• [PROBLEM TO SOLVE]:
The lines to return run from the one containing "Karnah Kupwara March" through the end of the material; give them exactly and leave out the pictures.

• [DATA SHOWN]:
+ + +

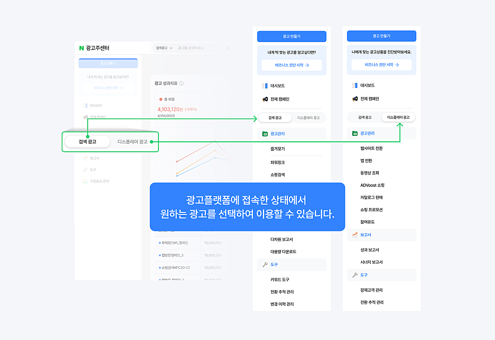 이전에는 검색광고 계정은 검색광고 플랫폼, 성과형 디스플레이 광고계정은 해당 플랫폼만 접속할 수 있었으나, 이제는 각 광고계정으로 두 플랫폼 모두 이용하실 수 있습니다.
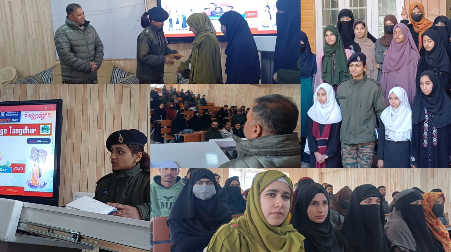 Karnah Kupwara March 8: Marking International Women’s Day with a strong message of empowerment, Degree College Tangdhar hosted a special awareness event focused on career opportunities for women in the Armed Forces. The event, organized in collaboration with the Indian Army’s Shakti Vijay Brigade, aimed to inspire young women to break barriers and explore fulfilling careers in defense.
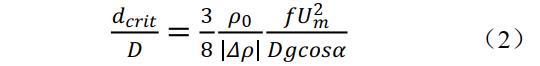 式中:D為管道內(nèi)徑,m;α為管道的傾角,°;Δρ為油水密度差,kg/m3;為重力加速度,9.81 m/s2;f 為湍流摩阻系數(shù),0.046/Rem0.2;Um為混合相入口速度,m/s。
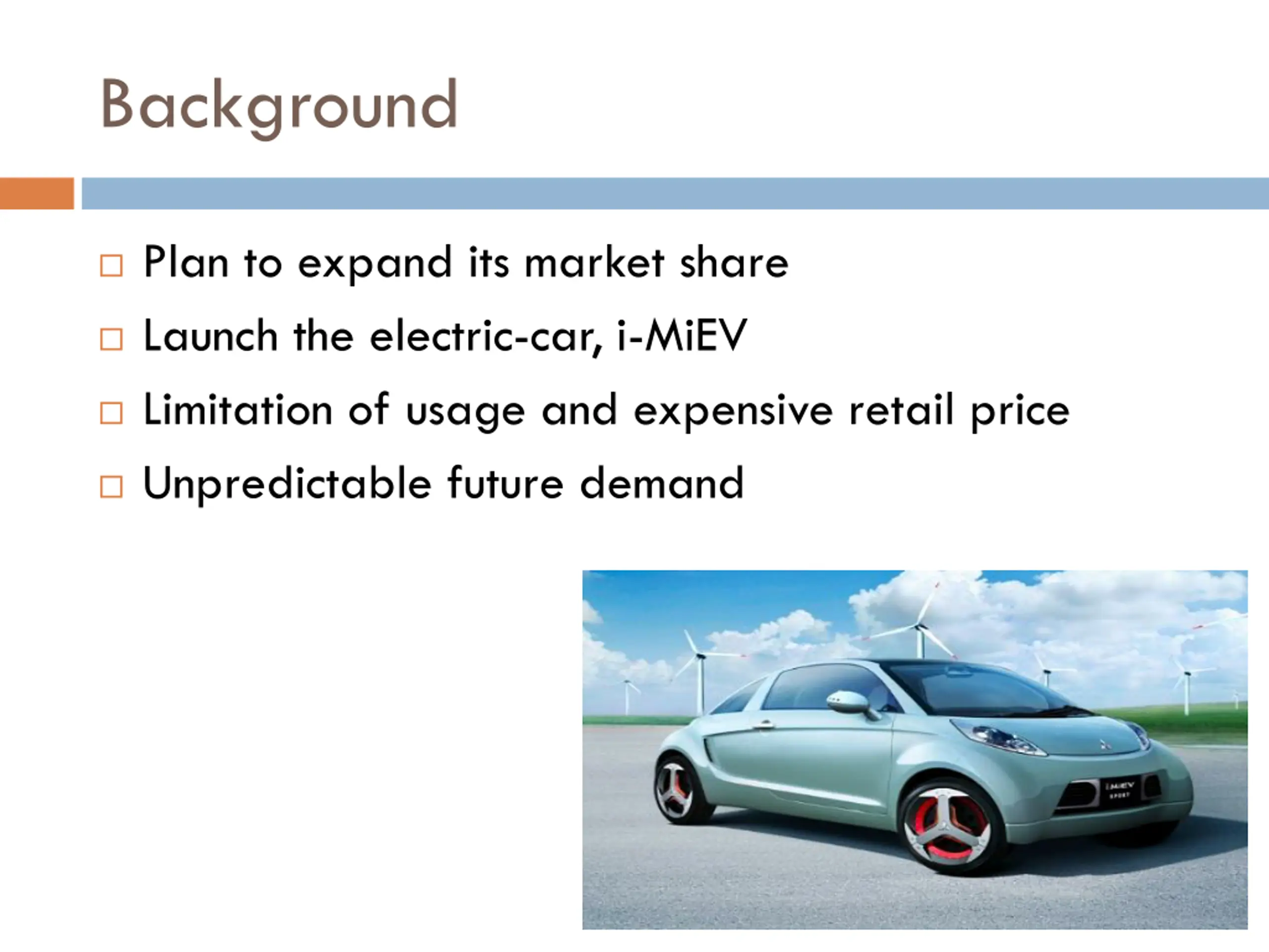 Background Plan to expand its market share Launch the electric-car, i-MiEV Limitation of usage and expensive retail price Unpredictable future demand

+ + +

• [RESULT BELOW]:
 Karnah Kupwara March 8: Marking International Women’s Day with a strong message of empowerment, Degree College Tangdhar hosted a special awareness event focused on career opportunities for women in the Armed Forces. The event, organized in collaboration with the Indian Army’s Shakti Vijay Brigade, aimed to inspire young women to break barriers and explore fulfilling careers in defense.
 式中:D為管道內(nèi)徑,m;α為管道的傾角,°;Δρ為油水密度差,kg/m3;為重力加速度,9.81 m/s2;f 為湍流摩阻系數(shù),0.046/Rem0.2;Um為混合相入口速度,m/s。
 Background Plan to expand its market share Launch the electric-car, i-MiEV Limitation of usage and expensive retail price Unpredictable future demand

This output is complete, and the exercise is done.